I suggest to adopt this naming scheme to allow multiple FROST-instances in one environment.
You can allow multiple FROST-instances in one environment by overriding the app
configuration key which is by default set to frost-server
.
In your example, I can see that fullName
is actually the concatenation between the release name and the name. As the release name is unique, then the fullName
is unique. So I think this is not related to Rancher, but simply a way to name deployment's resources with unique name. Not also you can retrieve the release name in the label of each deployment's resources.
I hesitated to make names unique (by suffixing by the release name as it can be done in fullName
) because I don't know what should be use cases that would use multiple FROST-instances in one environment. Especially if you are using a local PersistentVolume that cannot be created twice if it is pointing to the same volume mount path.
But I can make the change if it is the "standard" way to define charts.
@phertweck, the new 1.7.7 release is available and integrates these changes. Now any Kubernetes resource is prefixed with the release name.
Let me know
@phertweck Thinking about this further. I would also like to set the cluster.host
to use the release name. This way, there will be no conflict, especially with Ingress, when deploying multiple instances. But I can't see this kind of configuration in standard charts (from https://github.com/helm/charts). indeed, all of them are using static (but configurable) values for their Ingress' hosts.
So it depends to your needs. What do you suggest?
@abourdon Now it's working perfectly fine!
I don't know what's the best way to specify the host name. I think the current solution is pretty good and useful. Maybe I find a better solution when using your Helm chart more intensively. I'll keep my eye open to look how this is solved in other helm charts.
If you're looking for further improvement: Did you have a look how the documentation (readme) is presented in rancher? I think it's very difficult for a new one not familiar with the chart to find the important configuration values (for me its: cluster.host
, frost.db.volume.enabled
and ingress.enabled
).
Even if it is subjective, I tried to write a complete, generic (regarding use cases) and as simple as possible documentation explaining the main concepts behind this chart, without pretending that user has any experience in Helm or Kubernetes. That's why you have a Getting started section to quickly install the chart, and also a Configuration section for main configuration parts (including volume and Ingress configuration). In addition, this documentation does not assume you already have minimal requirements to install this chart.
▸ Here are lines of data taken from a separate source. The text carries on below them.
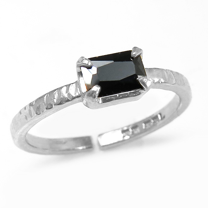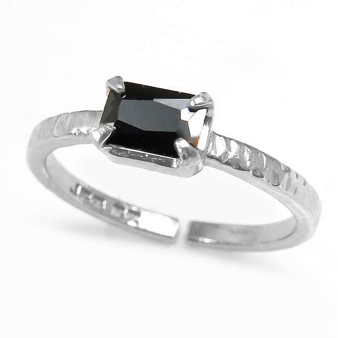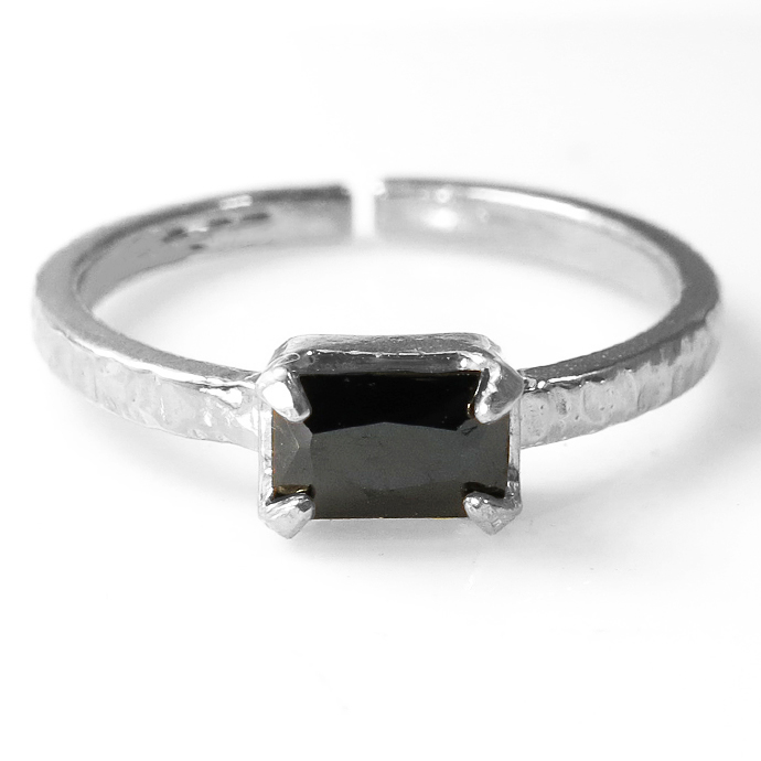 ブラックスピネル 指輪 リング 天然石 オクタゴン レクタングル 6×4mm 真鍮ブラス シルバーカラー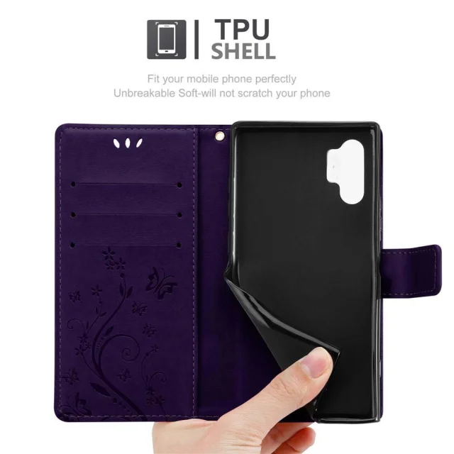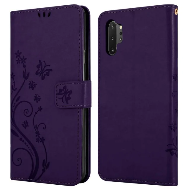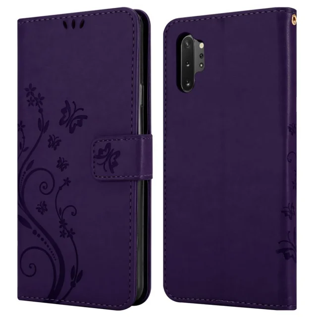 CADORABO Samsung Galaxy NOTE 10 PLUS temno modra - ovitek v cvetličnem dizajnu z magnetnim zapiranjem, stoječo funkcijo in režami za kartice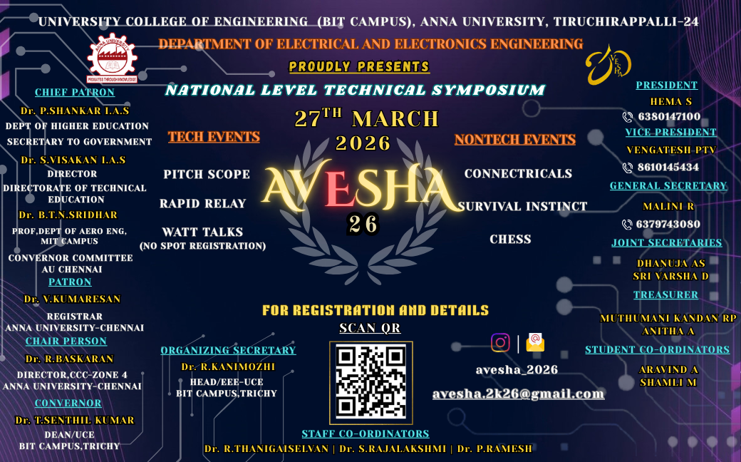 One Day National Level Technical Symposium " AVESHA'23 "- 5th May 2023, Presented by Department of Electrical and Electronics Engineering, UCE-Trichy

That's also why you have a Requirements section that describes the minimal prerequisites to met in order to install this chart by pointing to official documentation for any required tool. On top of that, you have a ToC to quickly access to the whole documentation.
I never used Rancher and it is not a prerequisite to install any Helm chart. So the documentation should not be focused to it. However, I will have a look at Rancher to see how to adapt it for Rancher while being generic enough to not be constrained to only use it.
Otherwise, I'm glad to hear you are happy with this implementation. If you are interested, I'm ready to create a PR to merge it with your source code. But I'll need some precision about where to put sources. Do you want to create a directory at the root of FROST-Server (e.g., helm), or create an independent project, or something else?
@abourdon Thank you for the explanation of your ideas. I know writing documentation for several usercases and users with different background knowledge is hard. What do you think about splitting the documentation?
GettingStarted part: Describing the requirements and basic Kubernetes/Helm concepts, commands and configurations. This could be your Requirements and Getting started chapter. So this part can be chart independet.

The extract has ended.